2.5 Pathway enrichment analyses of genes in the hub module
Gene ontology (GO) is a common method for gene analysis [20]. In the study, we used GO analysis to classify the genes in greenyellow module into three categories based on their bio-function, including biological process (BP), cellular component (CC), and molecular function (MF). Meanwhile, Kyoto encyclopedia of genes and genomes (KEGG) pathway enrichment analysis was also performed for exploration of their biological characteristics. Both the GO and KEGG pathway analyses were conducted using the ‘clusterProfiler’ package in R, with adjusted P-value of the analysis calculated by the Benjamini and Hochberg false discovery rate algorithm. Furthermore, a circular chordal graph of the data was generated utilizing gene network analysis via the default euclidean distance and average linkage.
2.6 Extract of hub genes from DEGs and the hub module in WGCNA
39 candidate genes were screened out from the intersection of venn diagram between 3 set of DEGs and the greenyellow module in WGCNA (Figure 5). CCNB1 was chosen for the next research for the most significant P value. For further study, the protein–protein interaction (PPI) network was constructed among 39 candidate genes (string, https://string-db.org/), and Cytoscape software was applied to visualize the PPI network.
2.7 Verification of gene aberrant expression in UALCAN, GEPIA2, and HCMDB
UALCAN (http://ualcan.path.uab.edu/index.html) is a comprehensive web resource for analyzing cancer OMICS data with the use of TCGA and MET500 databases. In our study, CCNB1 expression data was obtained through ‘Expression Analysis’ module for the contrast of promoter methylation and gene overall expression level. Further stratified analysis based on gender, age, cancer stages, and histology was also conducted. Additionally, GEPIA2 (http://gepia2.cancer-pku.cn/) and Human Cancer Metastasis Database (HCMDB, http://hcmdb.i-sanger.com/index) analysis was performed to explore the differential expression of CCNB1 between normal tissues and ESCA tissues. GEPIA2 is based on CGA and the GTEx databases with a total of 84 cancer subtypes analysis. HCMDB is designed to examine gene expression of primary and metastasis tumour from 124 previously published transcriptome datasets from TCGA and GEO databases.

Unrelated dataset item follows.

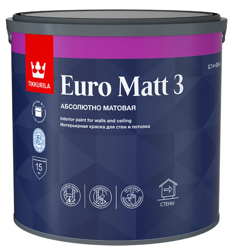 ТИККУРИЛА, Евро 3, база A, 2,7 л. (интерьерная краска для стен и потолка) (Финляндия)

2.8 Survival analysis with Kaplan–Meier (KM) plotter database
KM plotter (http://kmplot.com/) was used to plot the overall survival status and estimate prognostic valve of CCNB1, which is an interactive website containing 54k genes impact data on survival of 21 cancer types. According to median gene expression level, all patients’ survival data was divided into two group: high expression group and low expression group. The P value was set < 0.05 to ensure statistically significance.
2.9 Tumor infiltration analysis of TIMER database
TIMER database provides a systematical analysis of infiltrating abundances in 6 types of immune cells (B cells, CD4+ T cells, CD8+ T cells, neutrophils, macrophages, and dendritic cells) and the infiltration relevant clinical outcome. Hence, we adopted this method to research the tumor infiltration as well as the survival data on CCNB1.